*Task description*. Word for word, restate the listing that follows and leave out the images.

*Data segment*.
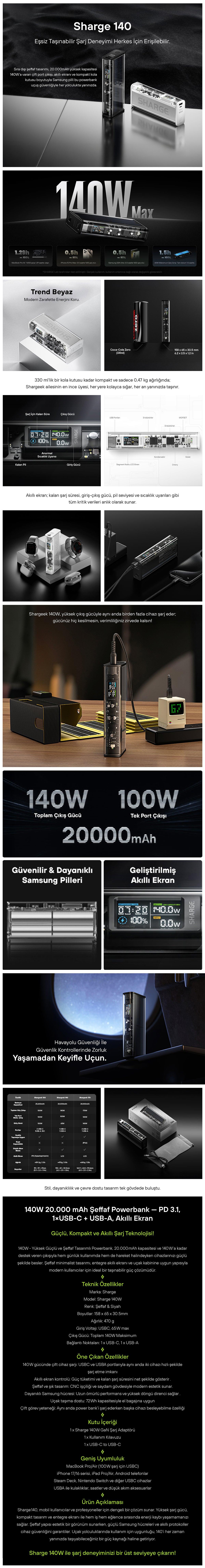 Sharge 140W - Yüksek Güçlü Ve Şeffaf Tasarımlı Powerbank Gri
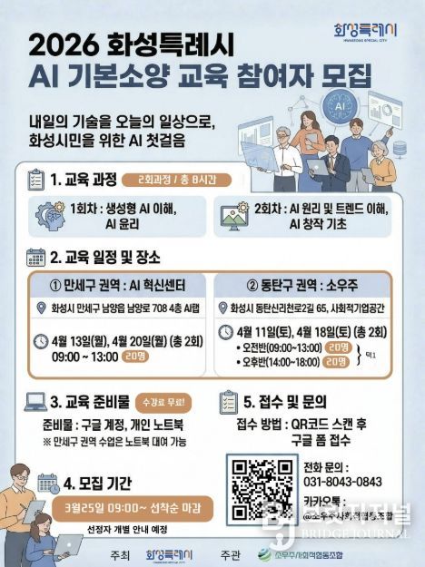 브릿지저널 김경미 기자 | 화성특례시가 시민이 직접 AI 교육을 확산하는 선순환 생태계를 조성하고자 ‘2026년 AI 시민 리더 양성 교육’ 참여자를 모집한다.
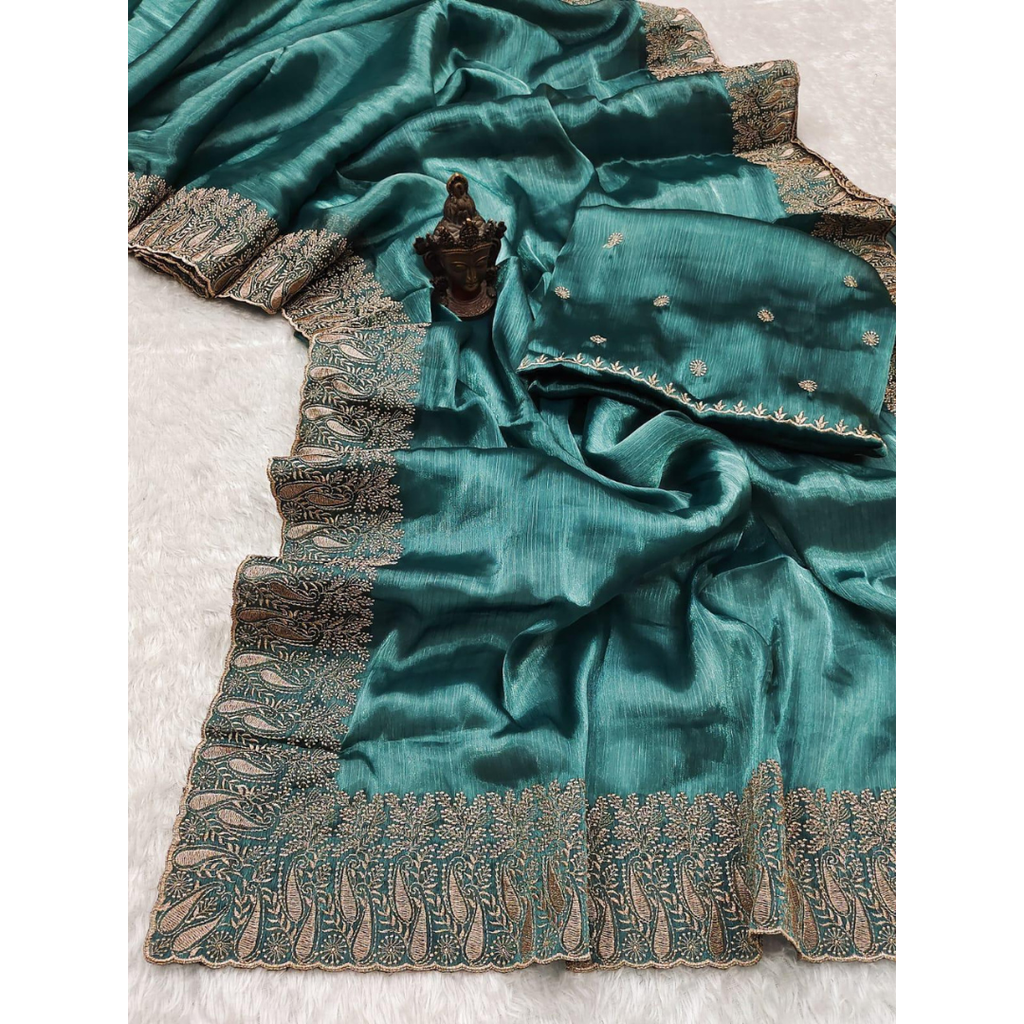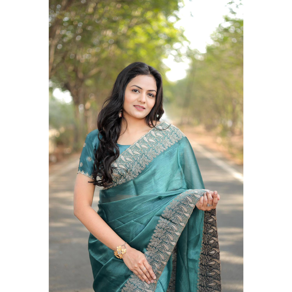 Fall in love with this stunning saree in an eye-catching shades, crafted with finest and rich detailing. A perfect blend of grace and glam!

*Exercise answer*.
 Sharge 140W - Yüksek Güçlü Ve Şeffaf Tasarımlı Powerbank Gri
 브릿지저널 김경미 기자 | 화성특례시가 시민이 직접 AI 교육을 확산하는 선순환 생태계를 조성하고자 ‘2026년 AI 시민 리더 양성 교육’ 참여자를 모집한다.
 Fall in love with this stunning saree in an eye-catching shades, crafted with finest and rich detailing. A perfect blend of grace and glam!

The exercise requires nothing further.